Instructions to follow: From the first line to the last, please reproduce the material exactly, skipping the pictures.

Material provided:
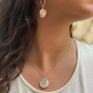 opal stones and off-white pearls with unique elegant pendants 2 purple in the shape of a star and 1 green in the shape of a shell -
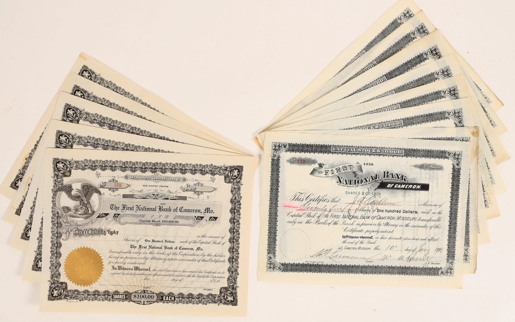 A collection of 14 stock certificates from the First National Bank of Cameron, Missouri, c1890-1930s. Two different styles included, with nine of them c1890-1917, & five of them 19XX-1940. Three unissued, the rest issued & canceled.[ Missouri Ken Prag Collection
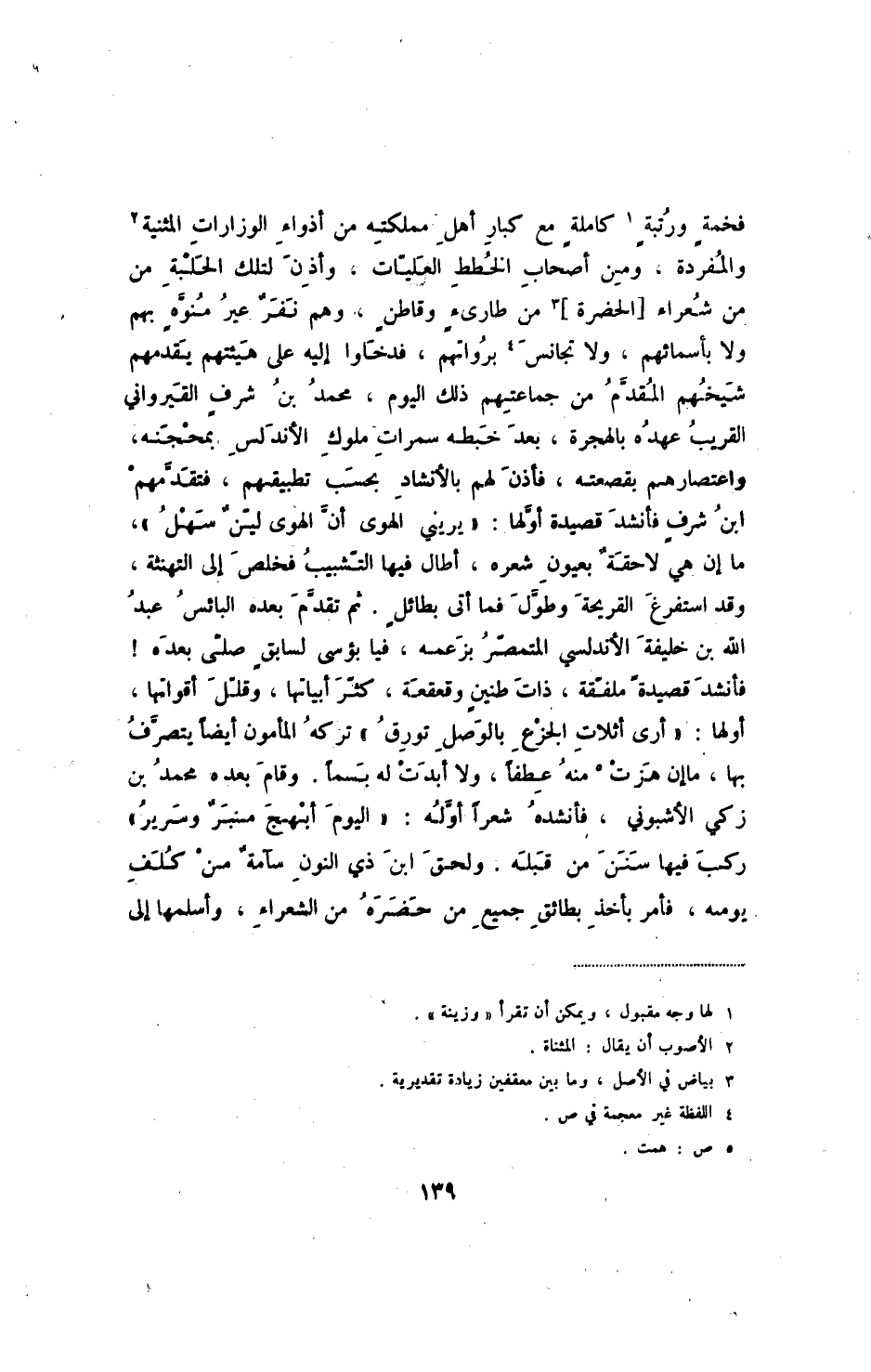 فخمة ورتبة كاملة مع كبار أهل مملكته من أذواء الوزارات المثنية والمفردة، ومن أصحاب الخطط العليات، وأذن لتلك الحلبة من شعراء [الحضرة] من طارئ وقاطن، وهم نفر عير منوه بهم ولا بأسمائهم، ولا تجانس برواتهم، فدخلوا إليه على هيئتهم يقدمهم شيخهم المقدم من جماعتهم ذلك اليوم، محمد بن شرف القيرواني القريب عهده بالهجرة، بعد خبطعه سمرات ملوك الأندلس بمحجنه، واعتصارهم بقصعته، فأذن لهم بالإنشاد بحسب تطبيقهم، فتقدمهم ابن شرف فأنشد قصيدة أولها: " يريني الهوى أن الهوى لين سهل "، ما إن هي لاحقة بعيون شعره، أطال فيها التشبيب فخلص إلى التهنئة، وقد استفرغ القريحة وطول فما أتى بطائل. ثم تقدم بعد البائس عبد الله بن خليفة الأندلسي المتمصر بزعمه، فيا بؤسى لسابق صلى بعده! فأنشد قصيدة ملفقة، ذات طنين وقعقعة، كثر أبياتها، وقلل أقواتها، أولها: " أرى أثلاث الجوع بالوصل تورق " تركه المأمون أيضاً يتصرف بها، ما إن هزت منه عطاً، ولا أبدت له بسماً. وقام بعده محمد بن زكي الأشبوني، فأنشده شعراً أوله: " اليوم أبهج منبر وسرير " ركب فيها سنن من قبله، ولحق ابن ذي النون سآمة من كلف يومه، فأمر بأخذ بطائق جميع من حضره من الشعراء، وأسلمها إلى

Your response:
 opal stones and off-white pearls with unique elegant pendants 2 purple in the shape of a star and 1 green in the shape of a shell -
 A collection of 14 stock certificates from the First National Bank of Cameron, Missouri, c1890-1930s. Two different styles included, with nine of them c1890-1917, & five of them 19XX-1940. Three unissued, the rest issued & canceled.[ Missouri Ken Prag Collection
 فخمة ورتبة كاملة مع كبار أهل مملكته من أذواء الوزارات المثنية والمفردة، ومن أصحاب الخطط العليات، وأذن لتلك الحلبة من شعراء [الحضرة] من طارئ وقاطن، وهم نفر عير منوه بهم ولا بأسمائهم، ولا تجانس برواتهم، فدخلوا إليه على هيئتهم يقدمهم شيخهم المقدم من جماعتهم ذلك اليوم، محمد بن شرف القيرواني القريب عهده بالهجرة، بعد خبطعه سمرات ملوك الأندلس بمحجنه، واعتصارهم بقصعته، فأذن لهم بالإنشاد بحسب تطبيقهم، فتقدمهم ابن شرف فأنشد قصيدة أولها: " يريني الهوى أن الهوى لين سهل "، ما إن هي لاحقة بعيون شعره، أطال فيها التشبيب فخلص إلى التهنئة، وقد استفرغ القريحة وطول فما أتى بطائل. ثم تقدم بعد البائس عبد الله بن خليفة الأندلسي المتمصر بزعمه، فيا بؤسى لسابق صلى بعده! فأنشد قصيدة ملفقة، ذات طنين وقعقعة، كثر أبياتها، وقلل أقواتها، أولها: " أرى أثلاث الجوع بالوصل تورق " تركه المأمون أيضاً يتصرف بها، ما إن هزت منه عطاً، ولا أبدت له بسماً. وقام بعده محمد بن زكي الأشبوني، فأنشده شعراً أوله: " اليوم أبهج منبر وسرير " ركب فيها سنن من قبله، ولحق ابن ذي النون سآمة من كلف يومه، فأمر بأخذ بطائق جميع من حضره من الشعراء، وأسلمها إلى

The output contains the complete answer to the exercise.